- [The input]:

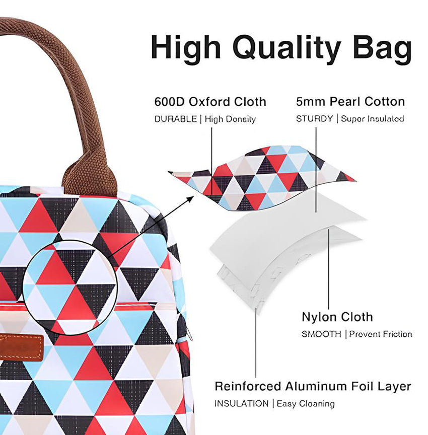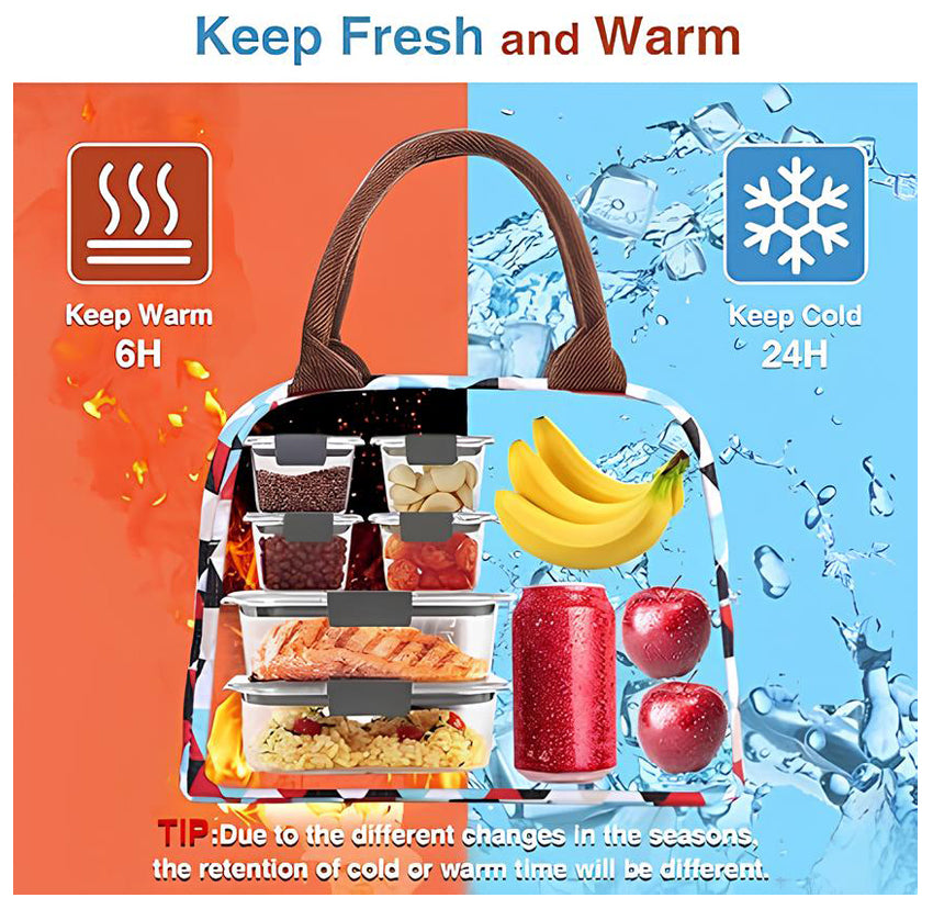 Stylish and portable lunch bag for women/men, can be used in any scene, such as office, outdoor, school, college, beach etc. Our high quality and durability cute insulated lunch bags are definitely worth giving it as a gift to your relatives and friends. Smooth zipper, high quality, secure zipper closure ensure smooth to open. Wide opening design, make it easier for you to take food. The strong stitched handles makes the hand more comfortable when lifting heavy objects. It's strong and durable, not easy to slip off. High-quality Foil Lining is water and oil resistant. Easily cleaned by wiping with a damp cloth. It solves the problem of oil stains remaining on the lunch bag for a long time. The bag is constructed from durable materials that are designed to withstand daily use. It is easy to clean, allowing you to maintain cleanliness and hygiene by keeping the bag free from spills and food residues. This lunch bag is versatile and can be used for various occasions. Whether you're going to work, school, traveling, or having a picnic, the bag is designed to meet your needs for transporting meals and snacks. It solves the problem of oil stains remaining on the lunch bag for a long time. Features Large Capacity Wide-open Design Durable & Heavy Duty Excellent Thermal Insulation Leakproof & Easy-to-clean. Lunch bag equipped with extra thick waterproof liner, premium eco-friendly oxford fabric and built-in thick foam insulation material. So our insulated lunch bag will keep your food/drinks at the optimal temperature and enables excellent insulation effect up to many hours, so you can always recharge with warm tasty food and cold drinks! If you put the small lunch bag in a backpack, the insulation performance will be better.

* * *

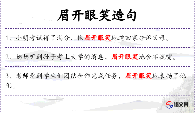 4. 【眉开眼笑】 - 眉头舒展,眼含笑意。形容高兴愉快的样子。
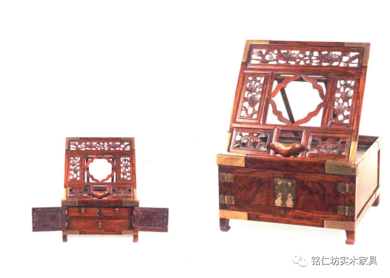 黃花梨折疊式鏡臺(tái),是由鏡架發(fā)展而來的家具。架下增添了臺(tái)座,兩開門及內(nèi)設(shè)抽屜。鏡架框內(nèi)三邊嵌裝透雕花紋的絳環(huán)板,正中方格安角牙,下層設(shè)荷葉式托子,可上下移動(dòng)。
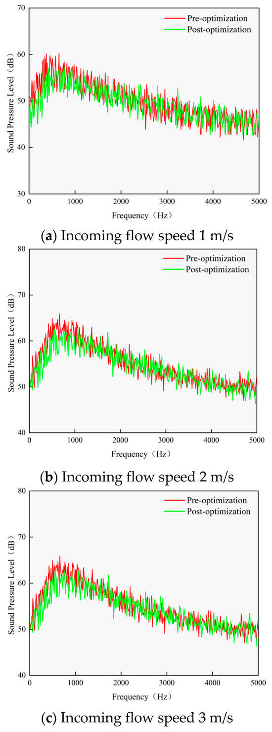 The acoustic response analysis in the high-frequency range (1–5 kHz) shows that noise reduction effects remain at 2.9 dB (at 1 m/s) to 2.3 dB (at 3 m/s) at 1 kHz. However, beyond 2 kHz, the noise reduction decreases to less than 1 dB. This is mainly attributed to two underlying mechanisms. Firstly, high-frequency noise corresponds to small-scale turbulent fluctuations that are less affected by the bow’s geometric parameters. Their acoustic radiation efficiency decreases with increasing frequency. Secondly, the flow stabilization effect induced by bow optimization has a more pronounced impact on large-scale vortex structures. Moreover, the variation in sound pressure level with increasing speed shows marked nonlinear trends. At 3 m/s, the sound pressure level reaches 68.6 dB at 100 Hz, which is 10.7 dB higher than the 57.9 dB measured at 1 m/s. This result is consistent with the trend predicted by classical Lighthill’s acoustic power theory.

- [Your goal]: Make an exact copy of the lines above, beginning with the line with "黃花梨折疊式鏡臺(tái),是由鏡架發(fā)展而來的家" and ending with the line with "The acoustic response", and keep the pictures out of it.

- [Answer space]:
 黃花梨折疊式鏡臺(tái),是由鏡架發(fā)展而來的家具。架下增添了臺(tái)座,兩開門及內(nèi)設(shè)抽屜。鏡架框內(nèi)三邊嵌裝透雕花紋的絳環(huán)板,正中方格安角牙,下層設(shè)荷葉式托子,可上下移動(dòng)。
 The acoustic response analysis in the high-frequency range (1–5 kHz) shows that noise reduction effects remain at 2.9 dB (at 1 m/s) to 2.3 dB (at 3 m/s) at 1 kHz. However, beyond 2 kHz, the noise reduction decreases to less than 1 dB. This is mainly attributed to two underlying mechanisms. Firstly, high-frequency noise corresponds to small-scale turbulent fluctuations that are less affected by the bow’s geometric parameters. Their acoustic radiation efficiency decreases with increasing frequency. Secondly, the flow stabilization effect induced by bow optimization has a more pronounced impact on large-scale vortex structures. Moreover, the variation in sound pressure level with increasing speed shows marked nonlinear trends. At 3 m/s, the sound pressure level reaches 68.6 dB at 100 Hz, which is 10.7 dB higher than the 57.9 dB measured at 1 m/s. This result is consistent with the trend predicted by classical Lighthill’s acoustic power theory.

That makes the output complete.